━━ Data records

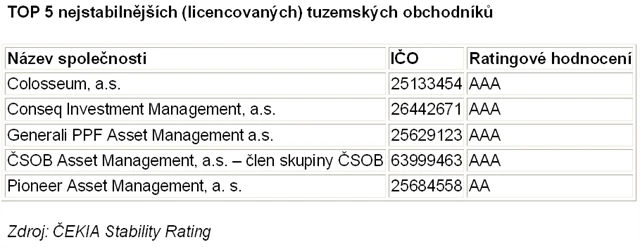 Zapátrali jsme v databázích agentury ČEKIA a představujeme TOP 5 nejstabilnějších (licencovaných) tuzemských obchodníků s cennými papíry podle ČEKIA Stability Ratingu.
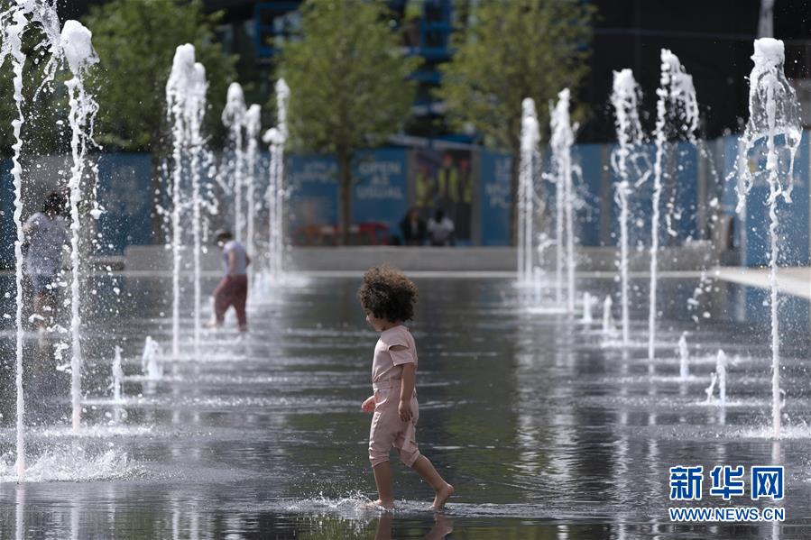 8月24日,儿童在英国伯明翰市中心的一处喷泉玩耍。 据当地媒体报道,近日,伯明翰的新冠确诊病例有所增加。 新华社发(乔恩·休珀摄)
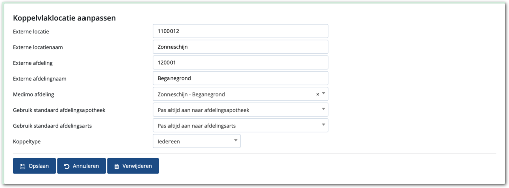 | Medimo negeert deze regel. Anders gezegd, Medimo negeert deze Ons locatietoewijzing. Ondanks dat Medimo deze regel negeert moet u de regel koppelen aan een Medimo afdeling. Meestal is hiervoor een afdeling 'Overig' beschikbaar. |
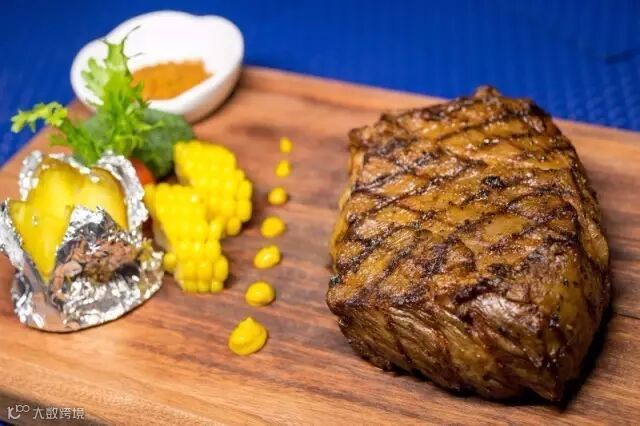 选用小牛肋排,肉质肥腴有筋腱,多汁耐嚼,西餐必备。带骨煎制,骨髓的精华也被煎香。
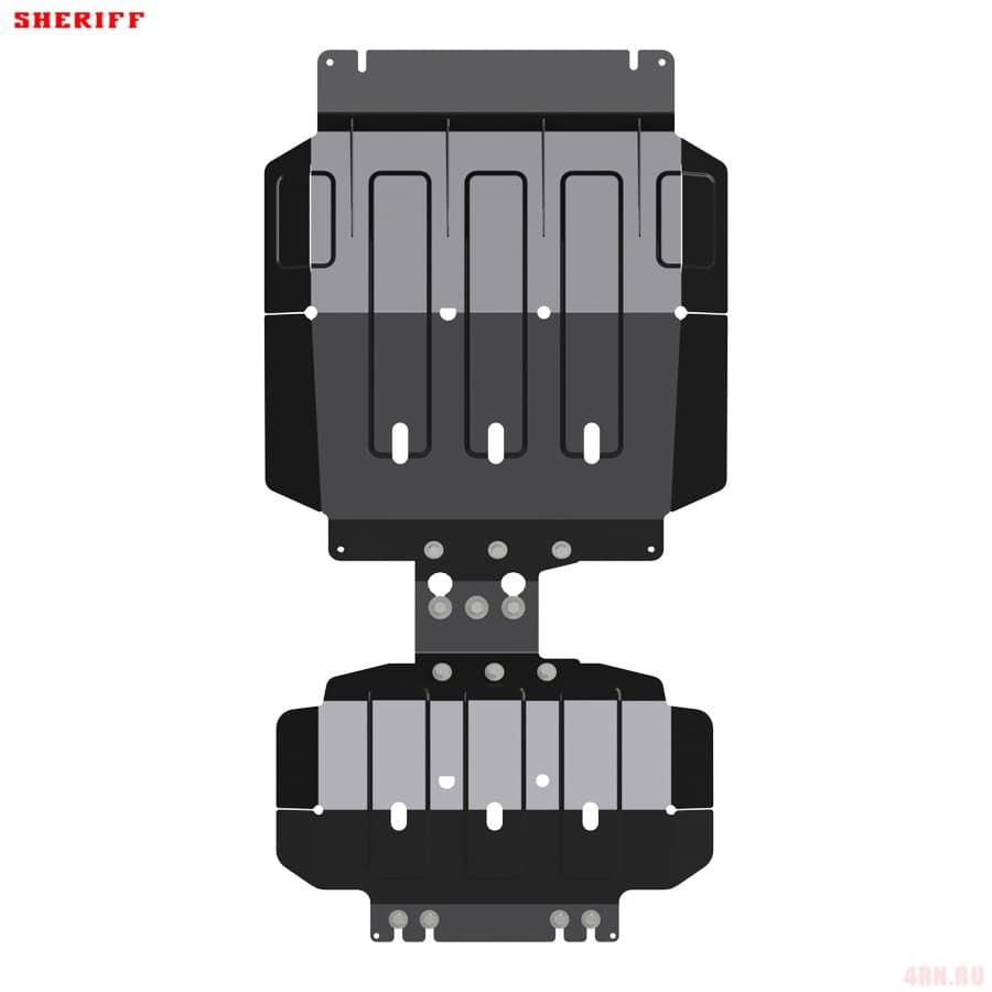 Защита картера Sheriff нужна для сохранности узлов и агрегатов, находящихся на днище авто. Она надежно защитит двигательный отсек вашей машины от повреждений. Также она защищает моторный отсек от влаги, грязи, и предусматривает наличие металлических крыльев, которые выполняют функцию пыльника.
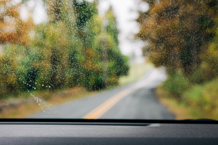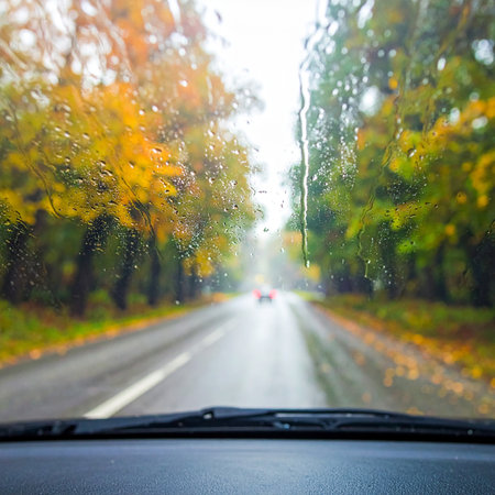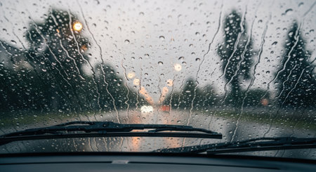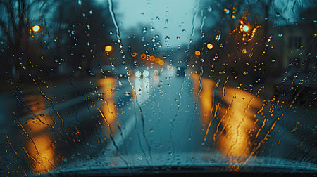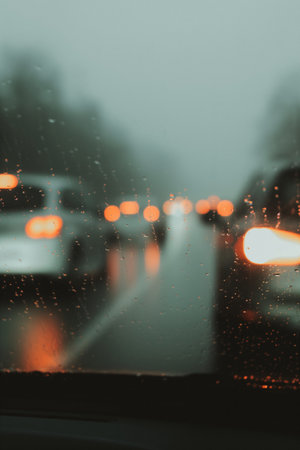 Experience the essence of a rainy journey with our blurred view of a road through a wet car window. Stay safe on wet roads

━━━━

● **Work instruction**:
Output each of the lines above exactly, apart from the images.

● **Exercise response**:
 Zapátrali jsme v databázích agentury ČEKIA a představujeme TOP 5 nejstabilnějších (licencovaných) tuzemských obchodníků s cennými papíry podle ČEKIA Stability Ratingu.
 8月24日,儿童在英国伯明翰市中心的一处喷泉玩耍。 据当地媒体报道,近日,伯明翰的新冠确诊病例有所增加。 新华社发(乔恩·休珀摄)
 | Medimo negeert deze regel. Anders gezegd, Medimo negeert deze Ons locatietoewijzing. Ondanks dat Medimo deze regel negeert moet u de regel koppelen aan een Medimo afdeling. Meestal is hiervoor een afdeling 'Overig' beschikbaar. |
 选用小牛肋排,肉质肥腴有筋腱,多汁耐嚼,西餐必备。带骨煎制,骨髓的精华也被煎香。
 Защита картера Sheriff нужна для сохранности узлов и агрегатов, находящихся на днище авто. Она надежно защитит двигательный отсек вашей машины от повреждений. Также она защищает моторный отсек от влаги, грязи, и предусматривает наличие металлических крыльев, которые выполняют функцию пыльника.
 Experience the essence of a rainy journey with our blurred view of a road through a wet car window. Stay safe on wet roads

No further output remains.